METHODS: In a randomized, prospective, double-blind study of 156 patients, we compared the incidence and severity of propofol pain among three groups. Patients in the lidocaine group (n = 54) received 2% lidocaine premixed with propofol (40 mg lidocaine in 180 mg propofol). Patients in the remifentanil group (n = 50), received pretreatment with remifentanil 2 µg · kg–1 IV over 30 s. Patients in the combination group (n = 52) received both lidocaine and remifentanil.

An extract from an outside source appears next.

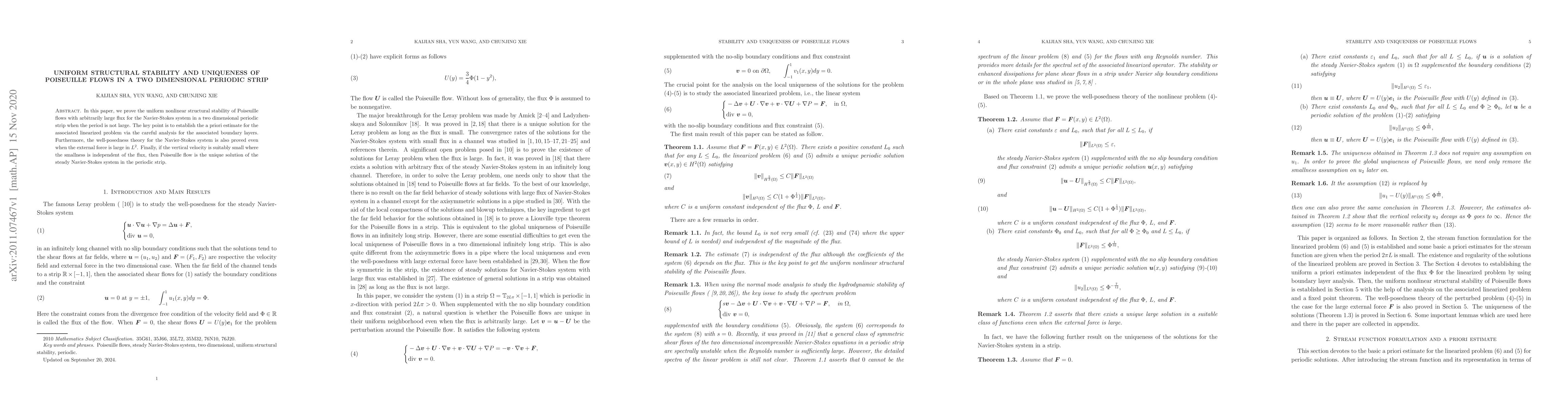 This paper proves the uniform structural stability and uniqueness of Poiseuille flows in a two-dimensional periodic strip for the Navier-Stokes system, even with large flux. It establishes a priori estimates for the linearized problem through boundary layer analysis and proves the well-posedness of the system under large external forces.

RESULTS: A significant decrease in the overall incidence of propofol pain at induction was achieved in the combination group (9.6%) compared with that in the remifentanil group (36%) and the lidocaine group (35%) (P = 0.003). The incidence of severe and moderate pain was also significantly different in the combination group (0%), compared with that in the remifentanil (18%) and lidocaine groups (12.9%) (P < 0.02). Similar, statistically significant differences among the three groups were achieved concerning recalled pain in the postanesthesia care unit.
CONCLUSIONS: The combination of two different analgesic modalities, remifentanil and lidocaine completely abolishes moderate and severe pain associated with propofol injection, and significantly reduces the incidence of mild pain when compared with each drug used alone.